_Your task:_ From first line to last, give the records again word for word and omit the pictures.

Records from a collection
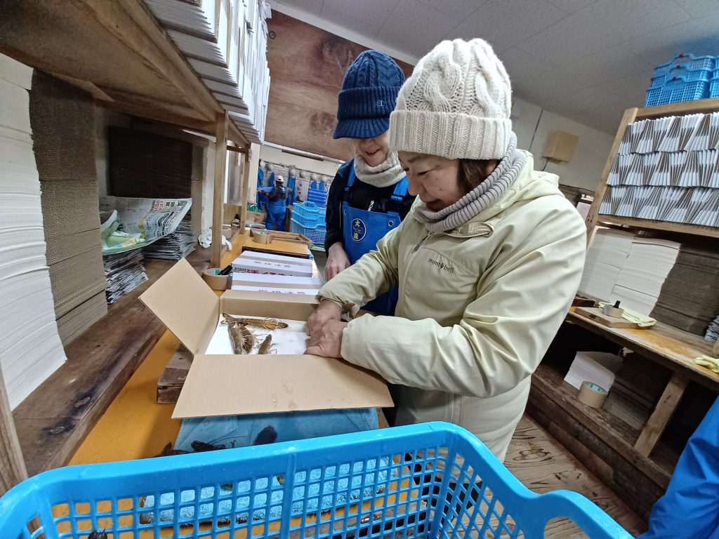 私が担当したのは、出荷に向けての活き車えびの箱詰め作業。養殖場から水揚げされたえびは、特大から極小まで大きさで分けられ、サイズごとに1キロずつ箱詰めしていく。箱の底に柔らかいシートを敷き、時々暴れるえびをそっと押さえながら向きをそろえて詰めていく。さらに上からシートで包み、すき間には新聞紙をクシャっと丸めて詰めて固定。えびの数は箱ごとに違うので、箱の外側には数を記さなければならない。立ちっぱなしで、しゃべる暇はない。というより、しゃべっている場合ではない。みんなの頭の中は、えびの数を高速で数えている。私も「に、し、ろっぱ…」と間違えないよう全集中。手早さと丁寧さが肝心だ。
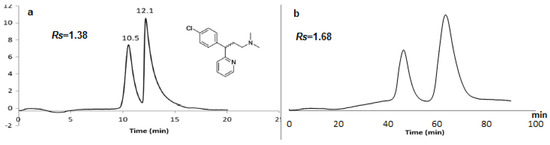 Enantioselective nano-LC separation of chlorpheniramine on a M1L capillary column (150 μm ID, 25 Cm length). Mobile phase: methanol/water (0.1% TFA) 30:70 v/v (a) (ref. [47]) and chlorpheniramine on L2 capillary column (150 μm ID, 25 Cm length). Mobile phase: methanol/water 20:80 v/v; (b) UV: 219 nm; flow rate: 1 µL/min.
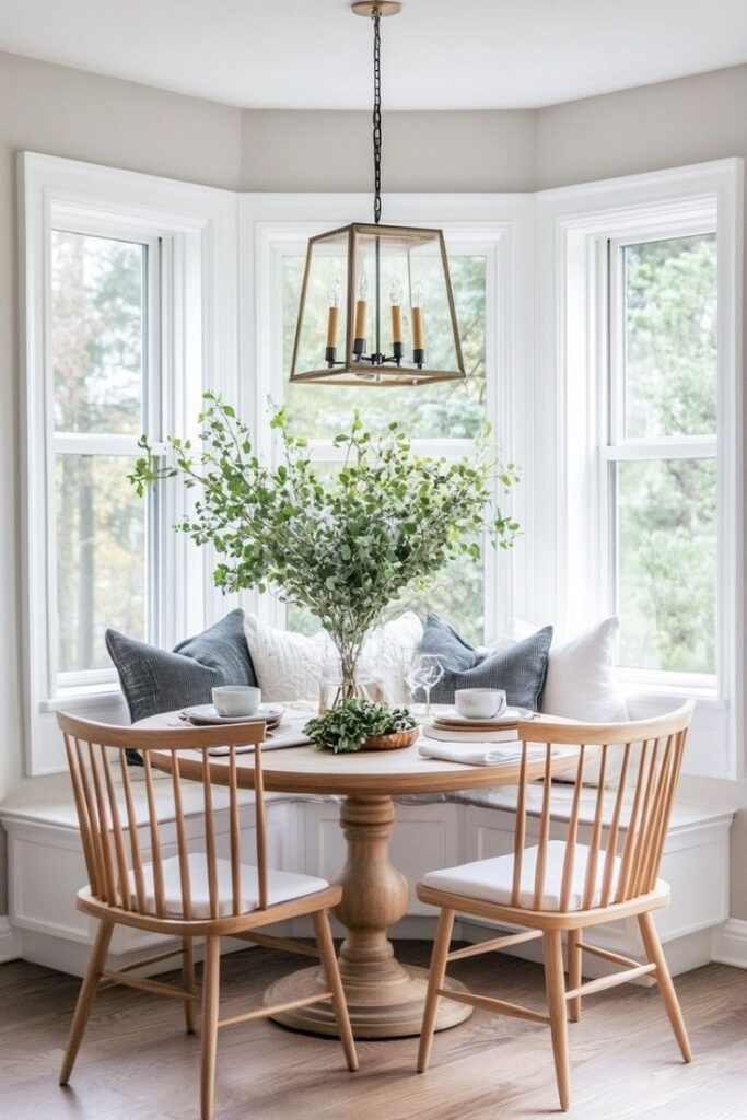 A bench on one side and chairs on the other make your nook feel balanced and practical.
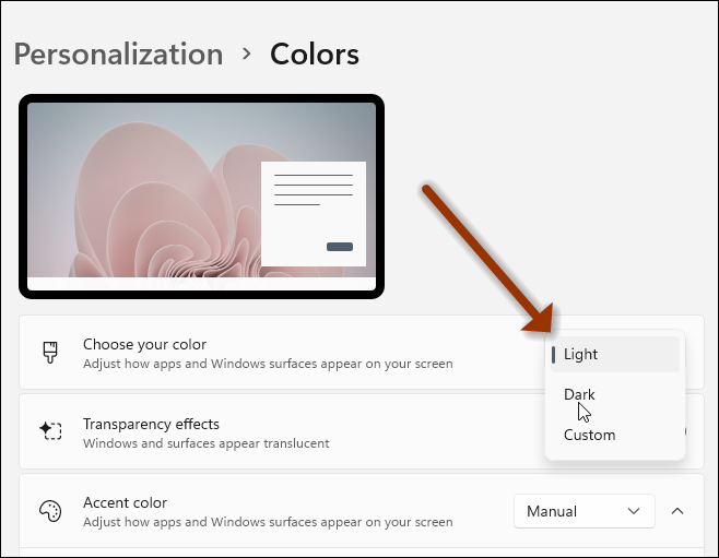 3. 打开“选择颜色”中的下拉菜单,然后根据需要选择浅色或深色。
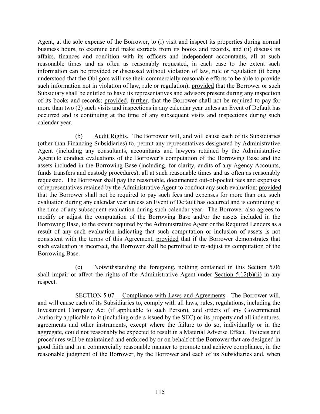 immediately deposited into a Control Account (or otherwise delivered to, or registered in the name of, the Collateral Agent) and, both prior to and following such deposit, delivery or registration such cash and other proceeds shall be held in trust by the Borrower for the benefit and as the property of the Collateral Agent and shall not be commingled with any other funds or property of such Obligor or any other Person (including with any money or financial assets of the Borrower in its capacity as “servicer” for a Structured Subsidiary, or any money or financial assets of a Structured Subsidiary, or any money or financial assets of the Borrower in its capacity as an “agent” or “administrative agent” for any other Bank Loans subject to Section 5.08(c)(v) below); (iii) cause the Financing Subsidiaries to execute and deliver to the Administrative Agent such certificates and agreements, in form and substance reasonably satisfactory to the Administrative Agent, as it shall determine are necessary to confirm that such Financing Subsidiary qualifies or continues to qualify as a “Structured Subsidiary” or an “SBIC Subsidiary”, as applicable, pursuant to the definitions thereof; (iv) in the case of any Portfolio Investment consisting of a Bank Loan that does not constitute all of the credit extended to the underlying borrower under the relevant underlying loan documents and a Financing Subsidiary holds any interest in the loans or other extensions of credit under such loan documents, (x) cause such Financing Subsidiary to be party to such underlying loan documents as a “lender” having a direct interest (or a participation interest not acquired from such Borrower or other Obligor) in such underlying loan documents and extensions of credit thereunder; and (y) ensure that, subject to Section 5.08(c)(v) below, all amounts owing to any Obligor by the underlying borrower or other obligated party are remitted by the borrower or obligated party (or the applicable administrative agents, collateral agents or equivalent Person) directly to the Custodian Account and no other amounts owing by such underlying borrower or obligated party are remitted to the Custodian Account; (v) in the event that any Obligor is acting as an agent or administrative agent under any loan documents with respect to any Bank Loan (or is acting in an analogous agency capacity under any agreement related to any Portfolio Investment) and such Obligor does not hold all of the credit extended to the underlying borrower or issuer under the relevant underlying loan documents or other agreements, ensure that (1) all funds held by such Obligor in such capacity as agent or administrative agent are segregated from all other funds of such Obligor and clearly identified as being held in an agency capacity (an “Agency Account”); (2) all amounts owing on account of such Bank Loan or Portfolio Investment by the underlying borrower or other obligated party are remitted by such borrower or obligated party to either (A) such Agency Account or (B) directly to an account in the name of the underlying lender to whom such amounts are owed (for the avoidance of doubt, no funds representing amounts owing to more than one underlying lender may be remitted to any single account other than the Agency Account); and (3) within two (2) Business Days after receipt of such funds, such Obligor acting in its capacity as agent or administrative agent shall distribute any such funds belonging to any Obligor to the Custodian Account (provided that if any distribution referred to in this clause (v) is not permitted by applicable bankruptcy law to be made within such two (2) Business Day period as a result of the bankruptcy of the underlying borrower, such 118

_Completed exercise:_
 私が担当したのは、出荷に向けての活き車えびの箱詰め作業。養殖場から水揚げされたえびは、特大から極小まで大きさで分けられ、サイズごとに1キロずつ箱詰めしていく。箱の底に柔らかいシートを敷き、時々暴れるえびをそっと押さえながら向きをそろえて詰めていく。さらに上からシートで包み、すき間には新聞紙をクシャっと丸めて詰めて固定。えびの数は箱ごとに違うので、箱の外側には数を記さなければならない。立ちっぱなしで、しゃべる暇はない。というより、しゃべっている場合ではない。みんなの頭の中は、えびの数を高速で数えている。私も「に、し、ろっぱ…」と間違えないよう全集中。手早さと丁寧さが肝心だ。
 Enantioselective nano-LC separation of chlorpheniramine on a M1L capillary column (150 μm ID, 25 Cm length). Mobile phase: methanol/water (0.1% TFA) 30:70 v/v (a) (ref. [47]) and chlorpheniramine on L2 capillary column (150 μm ID, 25 Cm length). Mobile phase: methanol/water 20:80 v/v; (b) UV: 219 nm; flow rate: 1 µL/min.
 A bench on one side and chairs on the other make your nook feel balanced and practical.
 3. 打开“选择颜色”中的下拉菜单,然后根据需要选择浅色或深色。
 immediately deposited into a Control Account (or otherwise delivered to, or registered in the name of, the Collateral Agent) and, both prior to and following such deposit, delivery or registration such cash and other proceeds shall be held in trust by the Borrower for the benefit and as the property of the Collateral Agent and shall not be commingled with any other funds or property of such Obligor or any other Person (including with any money or financial assets of the Borrower in its capacity as “servicer” for a Structured Subsidiary, or any money or financial assets of a Structured Subsidiary, or any money or financial assets of the Borrower in its capacity as an “agent” or “administrative agent” for any other Bank Loans subject to Section 5.08(c)(v) below); (iii) cause the Financing Subsidiaries to execute and deliver to the Administrative Agent such certificates and agreements, in form and substance reasonably satisfactory to the Administrative Agent, as it shall determine are necessary to confirm that such Financing Subsidiary qualifies or continues to qualify as a “Structured Subsidiary” or an “SBIC Subsidiary”, as applicable, pursuant to the definitions thereof; (iv) in the case of any Portfolio Investment consisting of a Bank Loan that does not constitute all of the credit extended to the underlying borrower under the relevant underlying loan documents and a Financing Subsidiary holds any interest in the loans or other extensions of credit under such loan documents, (x) cause such Financing Subsidiary to be party to such underlying loan documents as a “lender” having a direct interest (or a participation interest not acquired from such Borrower or other Obligor) in such underlying loan documents and extensions of credit thereunder; and (y) ensure that, subject to Section 5.08(c)(v) below, all amounts owing to any Obligor by the underlying borrower or other obligated party are remitted by the borrower or obligated party (or the applicable administrative agents, collateral agents or equivalent Person) directly to the Custodian Account and no other amounts owing by such underlying borrower or obligated party are remitted to the Custodian Account; (v) in the event that any Obligor is acting as an agent or administrative agent under any loan documents with respect to any Bank Loan (or is acting in an analogous agency capacity under any agreement related to any Portfolio Investment) and such Obligor does not hold all of the credit extended to the underlying borrower or issuer under the relevant underlying loan documents or other agreements, ensure that (1) all funds held by such Obligor in such capacity as agent or administrative agent are segregated from all other funds of such Obligor and clearly identified as being held in an agency capacity (an “Agency Account”); (2) all amounts owing on account of such Bank Loan or Portfolio Investment by the underlying borrower or other obligated party are remitted by such borrower or obligated party to either (A) such Agency Account or (B) directly to an account in the name of the underlying lender to whom such amounts are owed (for the avoidance of doubt, no funds representing amounts owing to more than one underlying lender may be remitted to any single account other than the Agency Account); and (3) within two (2) Business Days after receipt of such funds, such Obligor acting in its capacity as agent or administrative agent shall distribute any such funds belonging to any Obligor to the Custodian Account (provided that if any distribution referred to in this clause (v) is not permitted by applicable bankruptcy law to be made within such two (2) Business Day period as a result of the bankruptcy of the underlying borrower, such 118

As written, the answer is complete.